Raw data
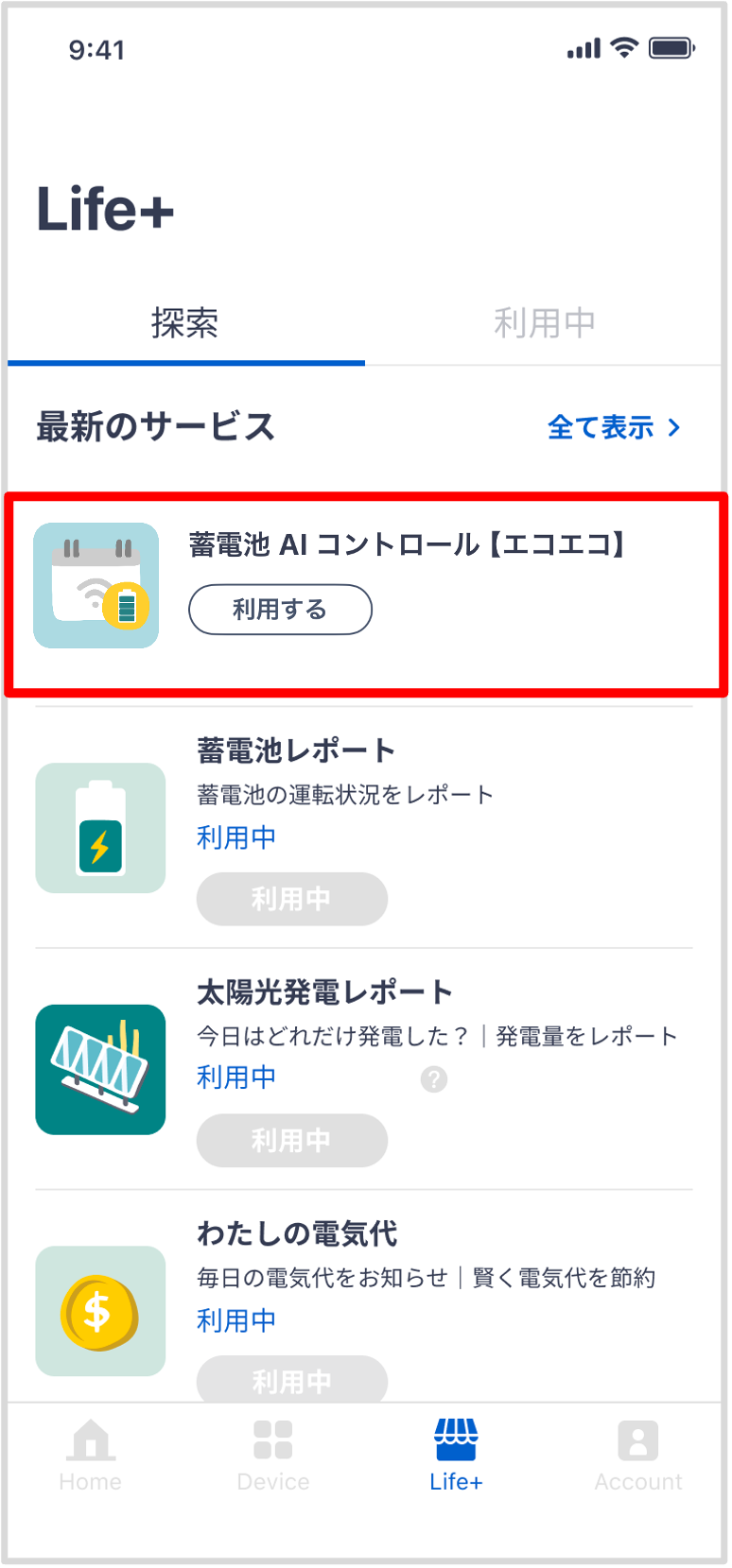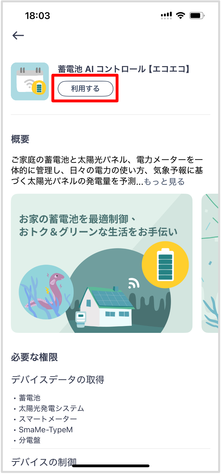 「蓄電池コントロール【エコエコ】」は電力使用状況や天気予報に基づいて発電量を予測し、蓄電池の充放電を自動制御するサービスです。
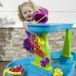 Create a mini water park right in your backyard with the Rain Showers Splash Pond Water Table™ by Step2 the perfect indoor or outdoor toys. The two-tier water table for toddlers designed to be a kids outside toys. creates a showering splash below! Just scoop up water from the pond and pour into the top tray to make it rain. Watch as a rain shower drizzles back into the pond and activates the maze-like spinners, bucket and ramps, a great way to show a cause and effect relationship and promote STEM play while using the Rain Shower water activity table. From the side flipper to the put-and-place maze pieces, kids will have lots of splish-splash fun with the included 13-piece accessory set enhancing their water play experience! This Step2 kid water play table has a molded-in hole in the back of the table that can accommodate and umbrella and a drain plug for easy water removal when playtime has ended. Best of all with the Step2 logo located on the base of this water toy you know this outdoor play table was built to last, made with sturdy plastics and comes with a limited warranty. This outdoor kid toy will keep your toddler splashing for hours!. Adult Assembly Required.
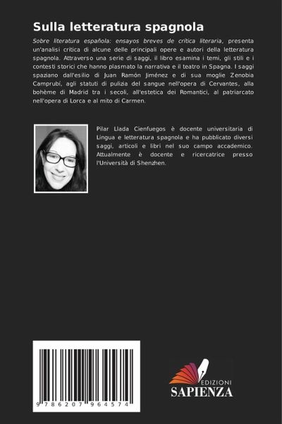 Sobre literatura española: ensayos breves de crítica literaria, presenta un'analisi critica di alcune delle principali opere e autori della letteratura spagnola. Attraverso una serie di saggi, il libro esamina i temi, gli stili e i contesti storici che hanno plasmato la narrativa e il teatro in Spagna. I saggi spaziano dall'esilio di Juan Ramón Jiménez e di sua moglie Zenobia Camprubí, agli statuti di pulizia del sangue nell'opera di Cervantes, alla bohème di Madrid tra i secoli, all'estetica dei Romantici, al patriarcato nell'opera di Lorca e al mito di Carmen.

Exercise directions
Would you transcribe all of the data exactly, apart from its pictures?

Answer space
 「蓄電池コントロール【エコエコ】」は電力使用状況や天気予報に基づいて発電量を予測し、蓄電池の充放電を自動制御するサービスです。
 Create a mini water park right in your backyard with the Rain Showers Splash Pond Water Table™ by Step2 the perfect indoor or outdoor toys. The two-tier water table for toddlers designed to be a kids outside toys. creates a showering splash below! Just scoop up water from the pond and pour into the top tray to make it rain. Watch as a rain shower drizzles back into the pond and activates the maze-like spinners, bucket and ramps, a great way to show a cause and effect relationship and promote STEM play while using the Rain Shower water activity table. From the side flipper to the put-and-place maze pieces, kids will have lots of splish-splash fun with the included 13-piece accessory set enhancing their water play experience! This Step2 kid water play table has a molded-in hole in the back of the table that can accommodate and umbrella and a drain plug for easy water removal when playtime has ended. Best of all with the Step2 logo located on the base of this water toy you know this outdoor play table was built to last, made with sturdy plastics and comes with a limited warranty. This outdoor kid toy will keep your toddler splashing for hours!. Adult Assembly Required.
 Sobre literatura española: ensayos breves de crítica literaria, presenta un'analisi critica di alcune delle principali opere e autori della letteratura spagnola. Attraverso una serie di saggi, il libro esamina i temi, gli stili e i contesti storici che hanno plasmato la narrativa e il teatro in Spagna. I saggi spaziano dall'esilio di Juan Ramón Jiménez e di sua moglie Zenobia Camprubí, agli statuti di pulizia del sangue nell'opera di Cervantes, alla bohème di Madrid tra i secoli, all'estetica dei Romantici, al patriarcato nell'opera di Lorca e al mito di Carmen.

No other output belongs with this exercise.